Su narrativa suele admitir también, como ya ocurría en los pasajes bíblicos, interpretaciones en dos vertientes: el sentido literal, con sus aguas estancadas, y el caudal del sentido interpretativo que lo dilata, ese fluir ramificado en casi irrefrenables posibilidades alegóricas, simbólicas, ideológicas, políticas, de carácter didácticamente moral, social, crítico, partidista… Esteban, «El ahogado más hermoso del mundo», por ejemplo, puede encarnar literariamente, verbalmente —como propuso el profesor Hans Felten, de la Universidad de Aquisgrán— exégesis de la conquista y la colonización americana, pero también de la liberación o incluso la imagen mesiánica más revolucionariamente abierta y dulce.
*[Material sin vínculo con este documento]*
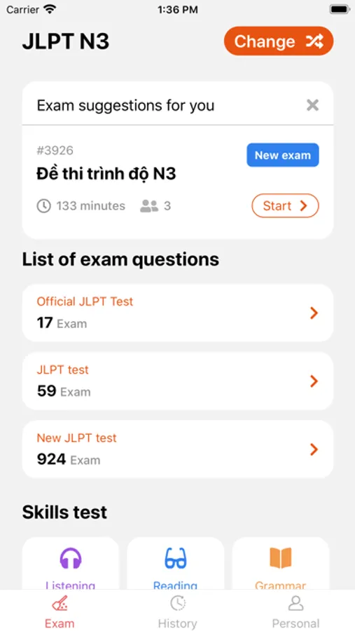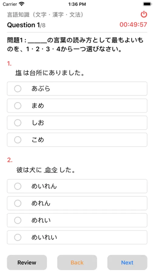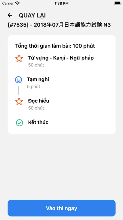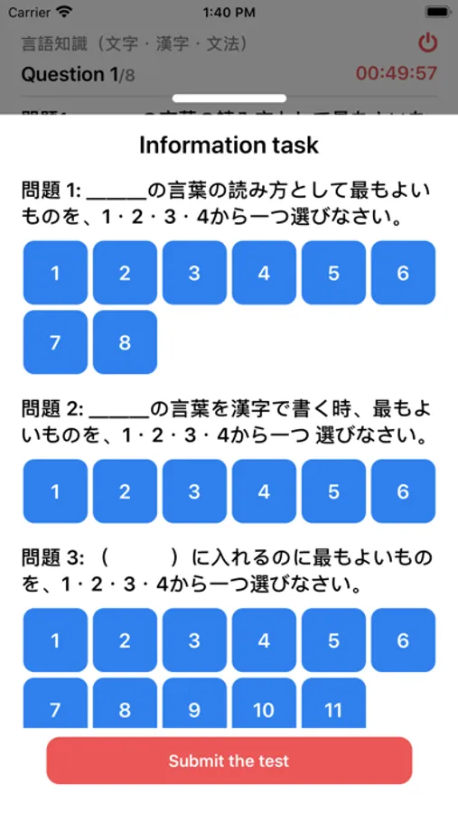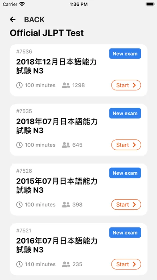 Users can access to practice tests in standard structure of the Japanese-Language Proficiency Test (JLPT).

En el otro extremo de la hermenéutica se hallan escaramuzas como las que sostuvo la hispanista sueca Inger Enkvist, quien tras analizar la disertación holmiense de Márquez se atrevió a apuntar con el dedo la inanidad del escritor: «El discurso del Nobel nos [sic] transmite la idea de que la magia de García Márquez es verbal y no de contenido ni de pensamiento», sentenció. El atrabiliario Anthony Burgess, lector de Márquez traducido pusilánimemente, también emite juicios destemplados sobre nuestro colosal narrador. Quizá se haya levantado la veda.
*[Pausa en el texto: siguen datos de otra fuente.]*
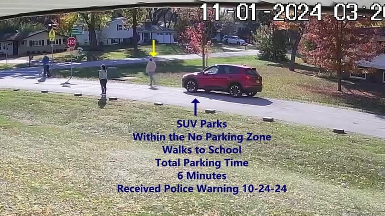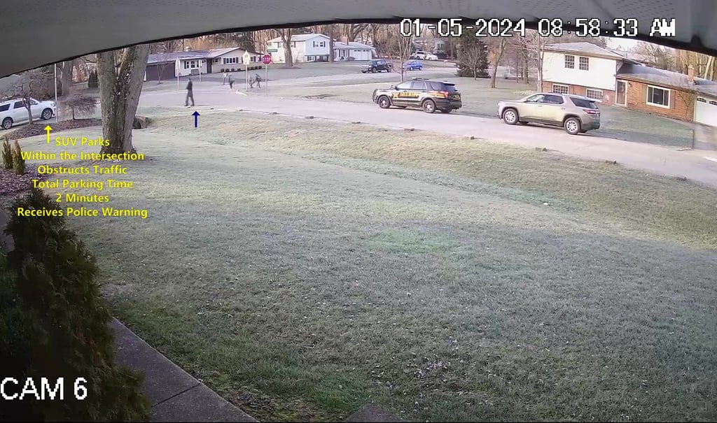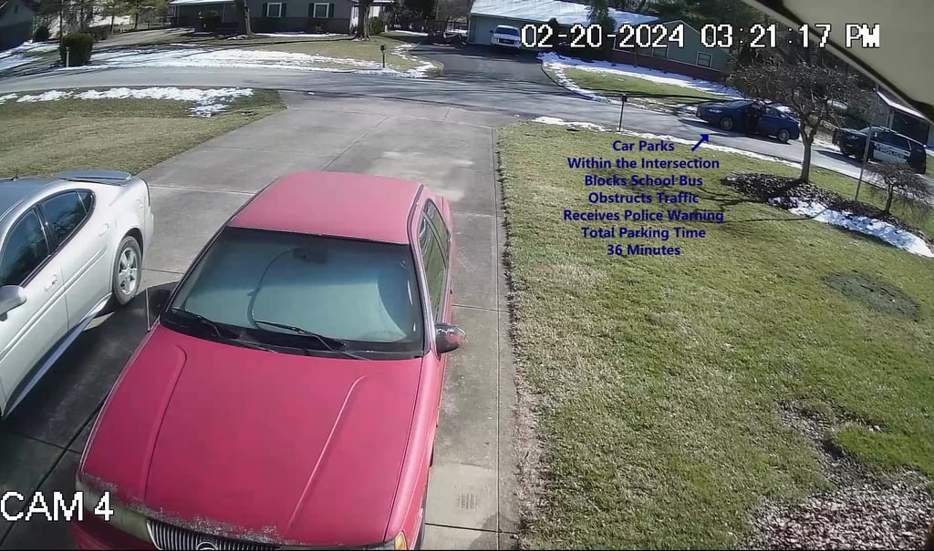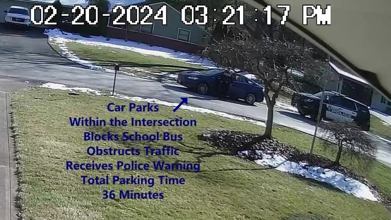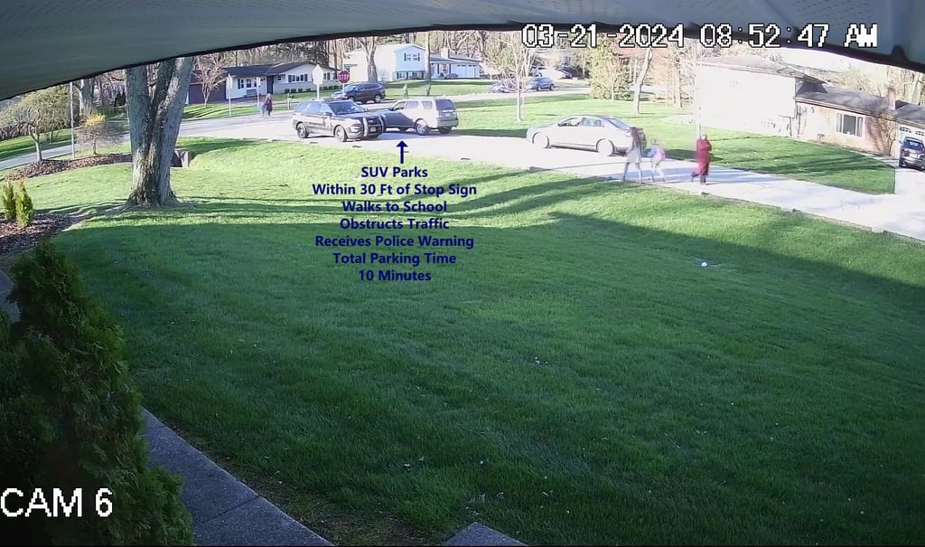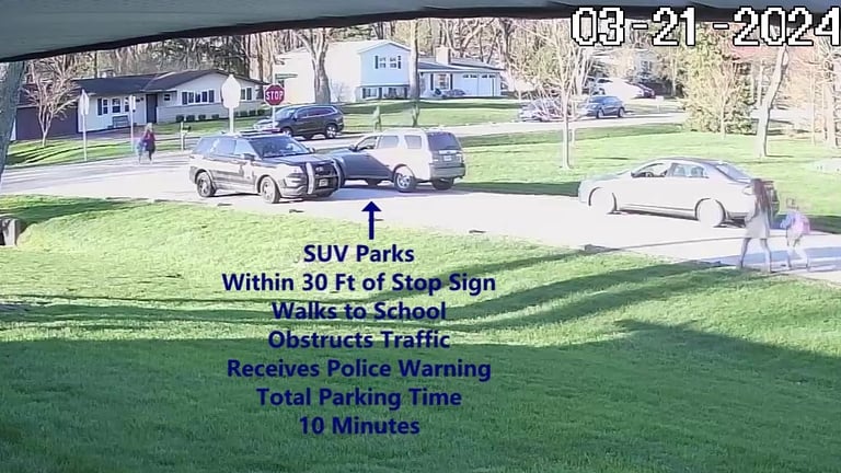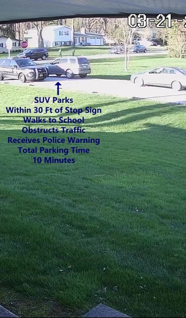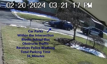 Vehicle 2 - Parks on Darbyshire, within the Intersection, walks over to school, obstructs Traffic - Total Parking Time was 12 minutes.

ESTOS CUENTOS ENTEROS Y (A VECES) VERDADEROS

Sin ni siquiera prólogo o una presentación, con las escuetas palabras del editor apretadas en la contracubierta de este medio millar de páginas, se reúnen los cuentos completos cuarenta más una nouvelle—, publicados antes en libro por García Márquez. Todos los cuentos recopila sus cuatro volúmenes canónicos de narrativa breve, aparecidos desde el lejano 1974 hasta 1992, aunque publicó su primer relato en el temprano 1947 y el último hace nada menos que treinta años. Pero tal vez no sea enteramente exacto el título Todos los cuentos: si alguien se pone en plan erudito a la violeta puede advertir que falten algunos, por ejemplo los que se ensartan en el libro en construcción En agosto nos vemos, como «La noche del eclipse» (2003), que protagoniza Ana Magdalena Bach, mujer de no muchas palabras que ha sobrepasado la cincuentena. Además, en 1997 apareció en Bogotá Cuentos: 1947-1992: el mismo asunto…

Rodeó la aparición de este volumen cierta luz comercial, como si quisiera alzarse en un acontecimiento: fue el número quinientos de la colección narrativa de la editorial que acoge los éxitos del Nobel de Literatura 1982, buscó coincidir con la inauguración de la Feria del Libro de Madrid, repetía la cubierta de un tomo de 1977 y se vendió, a no muy alto precio, cuatro céntimos de euro la página, y por todas latitudes de habla española.

Pero García Márquez sabe conciliar arte imborrable y que alguien haga negocios.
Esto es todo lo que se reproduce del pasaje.